Electrical Circuit Question

1. Jan 30, 2013

GreenPrint

http://img15.imageshack.us/img15/771/captureuce.png [Broken]
1. The problem statement, all variables and given/known data

Determine if the circuit is valid or invalid.

2. Relevant equations

3. The attempt at a solution

Please note which node I used as the ground node and which node I have labeled $V_{1}$. By the node voltage method

$\frac{V_{1}}{8} + 10 - 2 + \frac{V_{1} - 10}{5} = 0$
$\frac{13V_{1}}{40} + 6 = 0$
$\frac{13V_{1}}{40} = -6$
$V_{1} = -\frac{240}{13} V$

$I_{1} = \frac{V_{1}}{8} = -\frac{240}{13*8} = -\frac{30}{13} A$
$I_{2} = \frac{V_{1}-10}{5} = \frac{\frac{-240}{13}-10}{5} = -\frac{74}{13}$
$I_{3} = 10 + I_{2} = 10 + {-\frac{74}{13}} = \frac{56}{13}$

$V = IR$
$P = IV$
$P = I^{2}R$

$P_{8Ω} = I^{2}R = (-\frac{30}{13})^{2}8 = \frac{7200}{169}$
$P_{5Ω} = I^{2}R = (-\frac{74}{13})^{2}5 = \frac{27380}{169}$
$P_{2Ω} = I^{2}R = (\frac{56}{13})^{2}2 = \frac{6272}{169}$
$P_{10V} = IV = \frac{56}{13}10 = \frac{560}{13}$
$P_{2A} = \frac{240}{13}2 = IV = \frac{480}{13}$
$P_{10A} = IV = 10{-\frac{240}{13}-\frac{74}{13}} = \frac{3140}{13}$

These don't add up to zero. I'm kind of confused as to when you are supposed to use a negative sign or not. I used a negative sign in the last calculation because the current is going from lower potential to higher potential. Thanks for nay help you can provide.

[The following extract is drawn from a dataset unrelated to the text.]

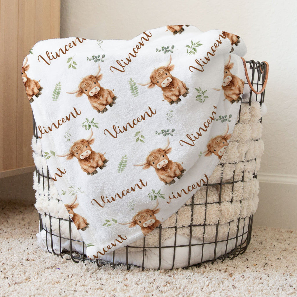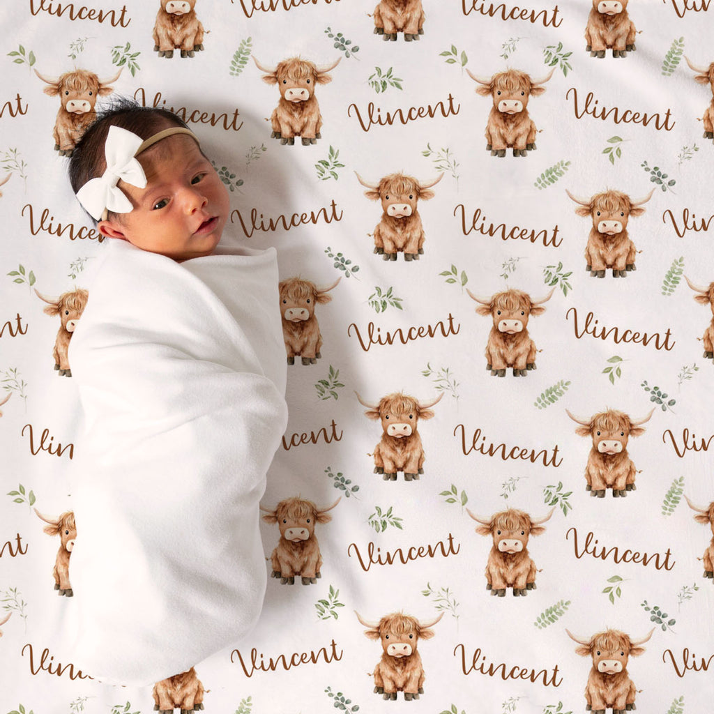 Made from a super soft fleece or minky material in a receiving blanket size of 30” x 40", this blanket is sure to become a favorite. It's perfect to wrap baby in, use in the stroller or as a one of a kind photo backdrop and makes a very popular baby shower or new baby gift.

Last edited by a moderator: May 6, 2017
2. Jan 30, 2013

Staff: Mentor

In your first equation, the final term $\frac{V_1 - 10}{5}$ is not correct. The point where the 5Ω resistor terminates is not at 10V above reference since there's a series resistor of 2Ω in the path. You have two nodes to deal with.

Last edited: Jan 30, 2013
3. Jan 30, 2013

GreenPrint

Hi gneill,

Why can't I count the node where the 10 volt source, 5 ohm resistor, and 10 Amp source meet to be 10 volts?

4. Jan 30, 2013

Staff: Mentor

You could if the reference node was at the bottom of the 10V source. But it isn't. There's a 2Ω resistor in the way.

5. Jan 30, 2013

GreenPrint

Ok thanks I forgot about that resistor.

6. Jan 30, 2013

GreenPrint

http://img59.imageshack.us/img59/1566/capturekwm.png [Broken]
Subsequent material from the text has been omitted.